By all the usual rules, it rained long enough and hard enough yesterday to produce a typical gray, miserable, stay-at-home sort of Sunday. But the word apparently never got through to thousands of determined natives and visitors who managed to have a high time in spite of all obstacles.

On the Mall in downtown Washington, the Museum of History and Technology's planned outdoor festival simply moved indoors, and the crowd followed.

A colonial fife and drum corps from Patuxent performed in the museum cafeteria, dressed in ragtag uniforms and bearing muskets, flags and other artifacts of the period.

"It's terrific," said Dorothy Milliken, who had brought her two children despite the rain, "It sends chills up and down your spine."

A dozen members of the Wheelmen, a nationwide group of antique cyclists, did their act in a very confined corner of the museum's ground floor lobby.

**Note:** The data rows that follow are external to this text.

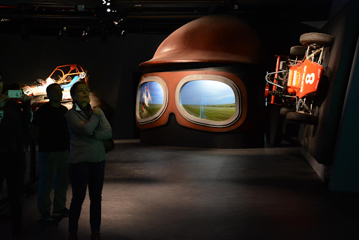 Después de las escaleras mecánicas, en el segundo piso irrumpe la primera sorpresa. El Dodge «La Llamarada» de Marcos Ciani, mítico piloto del Turismo Carretera, proyectado sobre una estructura de fibra de vidrio y con un mapeo de fondo que revive La vuelta de Santa Fe. El viaje comienza en un galpón, con el auto tapado por una tela blanca, y de repente los sentidos se agitan con las imágenes del mapeo y un relato con una voz en off. La yapa: el original está en el subsuelo.
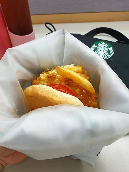 我才請店員裝進輕食袋。
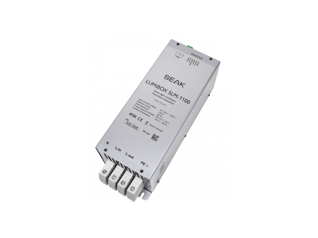 Modulačná jednotka LUMiBOX SLM-1100 (Smart Light modulátor) odovzdáva riadiace príkazy prijaté od riadiacej jednotky cez komunikačný protokol RS485 prostredníctvom rozvodov elektrickej energie na svetelné zdroje s inštalovanými modulmi.
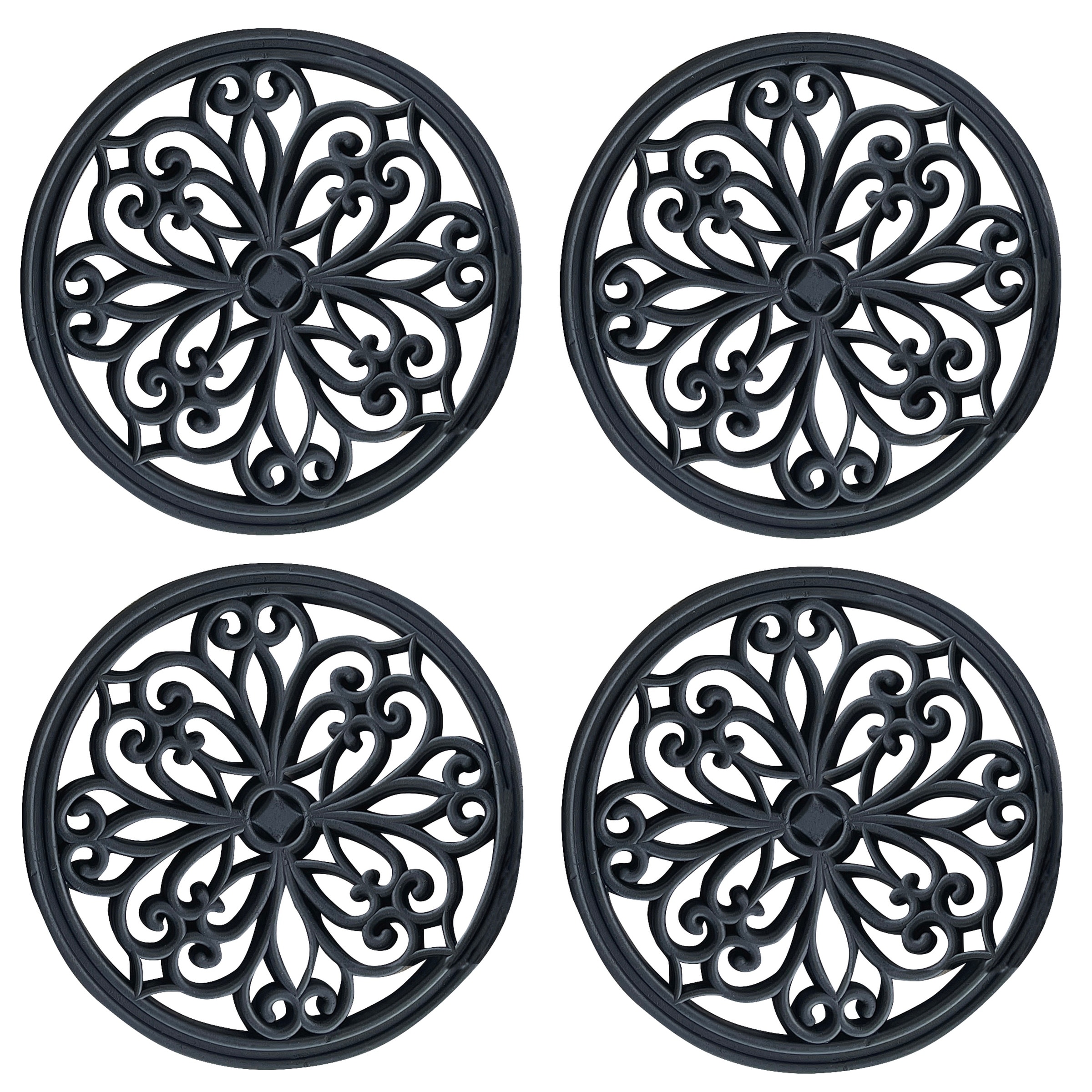 4 Piece 12 inch Round Rubber Scrollwork Step Mat Set - 12"Lx12"Wx.4"H
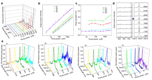 图3(a)在不同泵浦功率514.5nm激光激发下得到的激光光谱;(b)拉曼纳米激光功率密度随泵浦功率的变化曲线;(c)拉曼纳米激光峰E1-E4的线宽随泵浦功率的变化曲线;(d)不同温度下的拉曼纳米激光光谱;(e)不同泵浦功率密度514.5nm激光激发下E1-E4的激光光谱图。
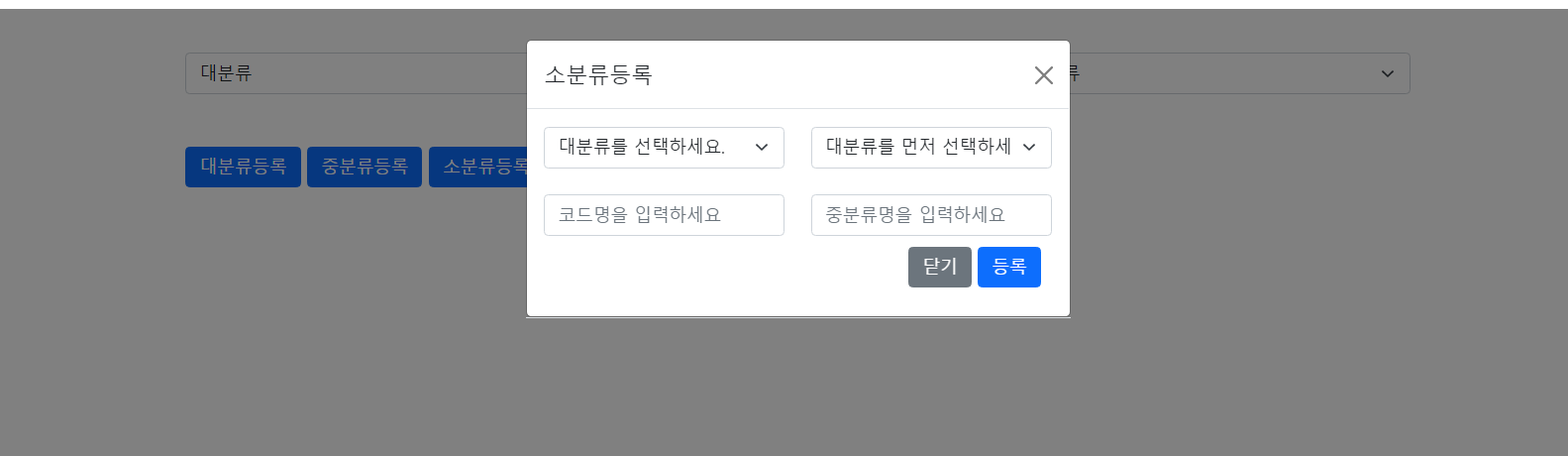 버튼을 눌러보면 대,중,소분류의 생성창이 나타난다. 창의 역할이 다르기때문에 화면에 보이는 부분도 다르다. 사용하는 ajax파일도 다른데 필요한 파일들을 만들어보자.
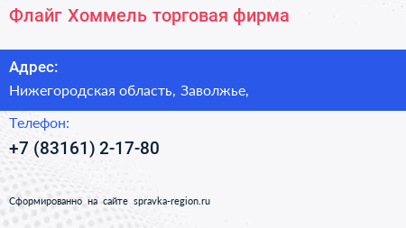 Флайг+Хоммель, торговая фирма по адресу Нижегородская область, Заволжье, в дальнейшем Организация, размещена в следующих категориях:
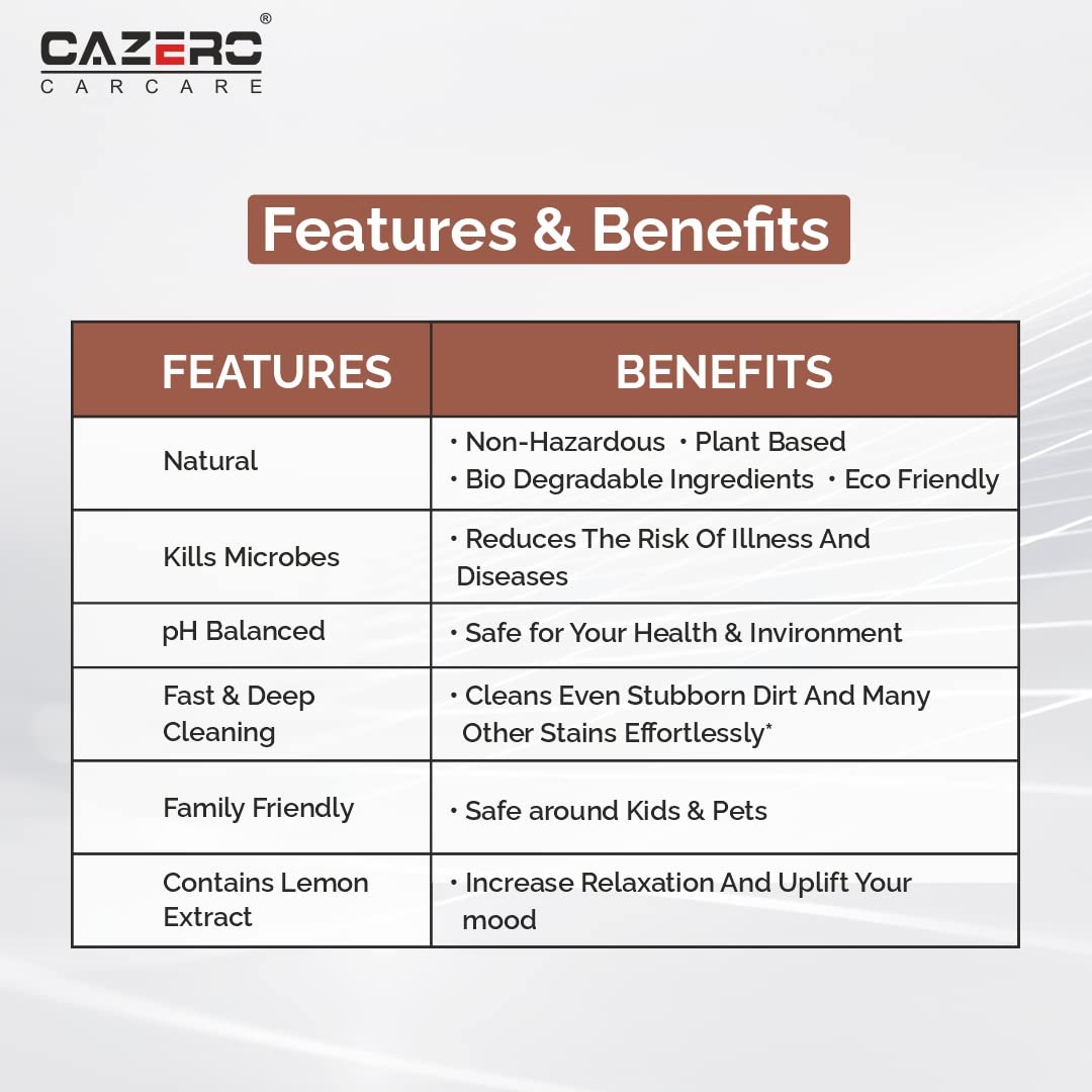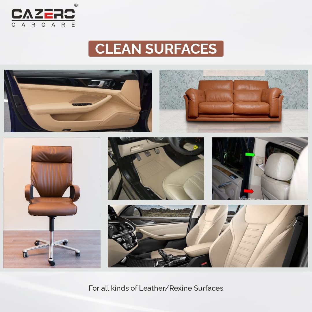 Keep your leather items fresh, clean, and safe with CAZERO Natural Leather Cleaner Spray – a powerful plant-based formula that gently lifts dirt, stains, and grime without harming the material. Designed with eco-conscious care, it’s anti-microbial, non-toxic, and completely pH-balanced, making it ideal for use on all types of leather and rexine surfaces.

"The carpet is very soft," complained Bob Tyler, a schoolteacher from Fredericksburg when he is not riding his 1883 Columbia big-wheeler. "As soon as you take your feet off the pedal, the bicycle starts to slow and it's all you can do to keep from falling."

But the audience seemed undismayed. "This is so neat," said one woman, "I love their outfits!"

Outside the museum's Constitution Avenue entrance, what seemed to be just another ragtag colonial parade turned out on closer inspection, to be the Yippies of Washignton, D.C., marching to the Capitol to demand the legalization of marijuana.

"We smoke herb and we think it's superb," the marchers chanted. "We smoke pot and we like it a lot."

Although many of the approximately 1,300 demonstrators smoked small, hand-rolled cigarettes, there were only a smattering of arrests, most made by U.S. Park Police in the West Potomac Park area at about noon when demonstrators were ordered to remove unauthorized tents from park grounds.

Evicted demonstrators, said they would now have no place to sleep for the rest of their four-day stay in Washington. "The police are trying to provoke a confrontation" said Ange Santilli, a sophomore at Kent State University in Ohio who had hitch-hiked here.

At Wolf Trap Farm Park, about 3,100 bluegrass music lovers - half the park's capacity - showed up for the second annual Bluegrass Music Festival. All but about 200 of the fans enjoyed the concert from dry seats under the covered pavilion.

The die-hards on the soggy lawn insisted, however, that the rain did not bother them.

"Once you get wet, it's just like taking a shower," said Jeff Coopersmith of Potomac, whose only protection from the rain was his hat, which he dubbed the "cheap man's umbrella." Others found ways to clap hands to the music while holding conventional umbrellas.

"Country music people are that kind of mud, rain people," said Irene Tuggle of Vienna when asked why she and seven family members and friends were huddled under a bright blue and yellow striped tent.

Those on the lawn had one advantage over those in the pavilion - they could enjoy their fried chicken, potato salad and drinks while their dry counterparts had to leave the food and drink in the car.

Some events were canceled outright because of yesterday's weather, including the clothesline quilt show in Chantilly, the Chautauqua arts and crafts show at Glen Echo Park in the District, and the Orioles-Red Sox game at Baltimore's Memorial Stadium.

And jack Fuge of the National Weather Service warned that more of the same was in the works. As easterly winds from the ocean cut under warm, moist air aloft, Fuge said. "Rainy and cool weather over Maryland, Delaware and much of Virginia will persist through Monday night and may even continue into the Fourth."